Passive Investing Might Not Be Great for Growth
Competitors in name only?
Photographer: Robert Alexander/Getty ImagesWhen United Airlines called security to drag passenger David Dao off of his flight back in April, some observers cheered the airline’s falling stock price, expressing the hope that this would punish the company’s executives and owners and spur them to implement a more passenger-friendly attitude. United’s stock quickly recovered. But even had it fallen a lot and not bounced back, there’s no guarantee it would have been a big deal for the company’s largest shareholders.

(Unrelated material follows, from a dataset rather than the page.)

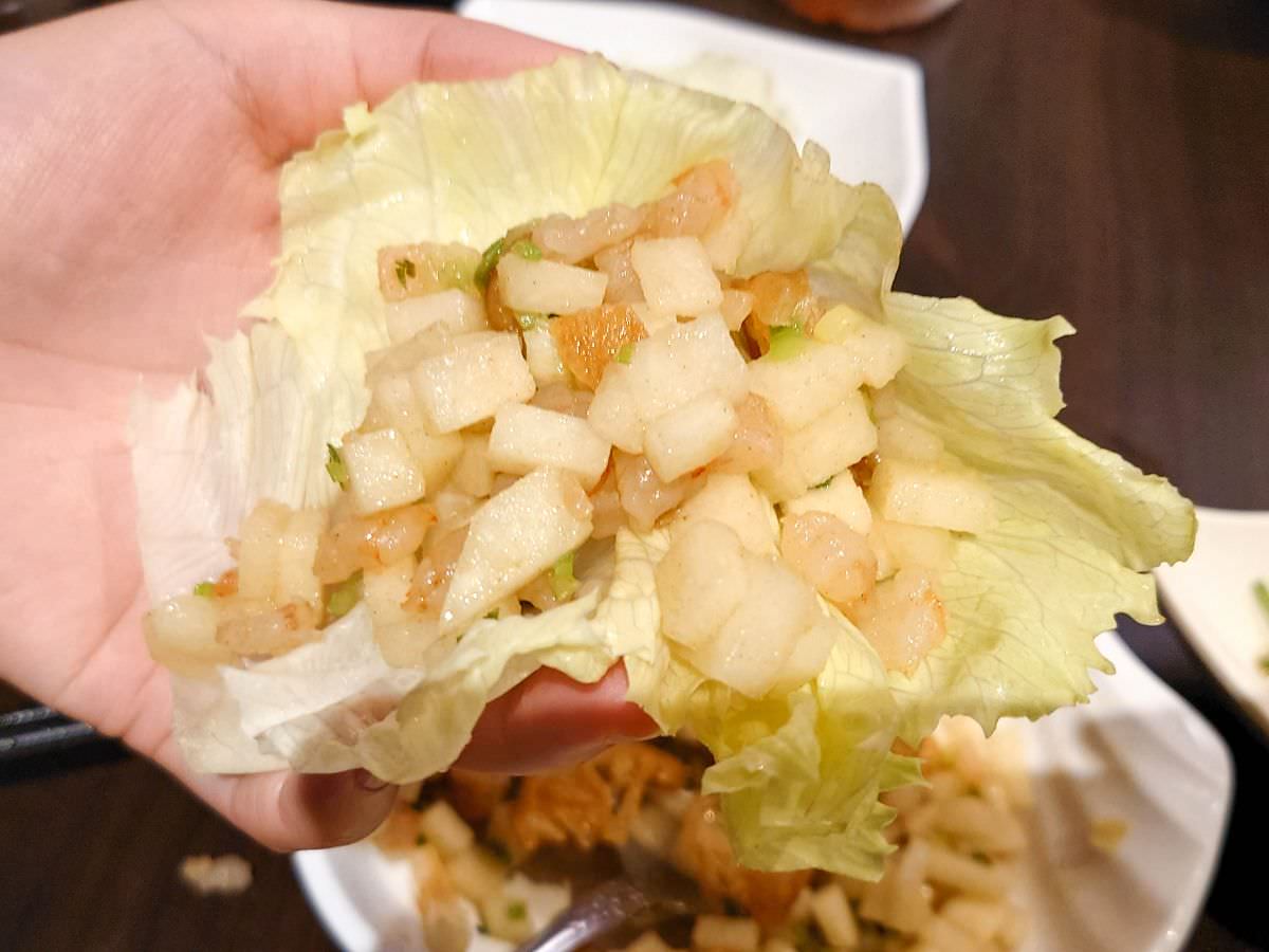 Q彈蝦子、酥脆的油條和脆口的荸薺以生菜包著,

The reason? Those big shareholders are also likely to own pieces of United’s competitors. For example, Berkshire Hathaway Inc. -- Warren Buffett’s firm -- is the largest shareholder in United Continental Holdings. But Buffett has also taken large stakes in three of United’s major U.S. competitors -- Southwest Air Co., American Airlines Group Inc., and Delta Air Lines Inc. So if people had abandoned United in disgust and fled to one or more of those rival airlines, their profits would have gone up as United's went down -- and Berkshire’s bottom line would have felt little or no pain at all. United’s other biggest shareholders -- institutions such as Vanguard Group -- are probably also highly diversified. So very few of United’s owners are likely to care when the airline makes a big mistake and sends business to its competitors. And it’s not just airlines -- look at the main shareholders of Bank of America Corp. and JPMorgan Chase & Co., for example, and you’ll see many of the same names as the biggest shareholders.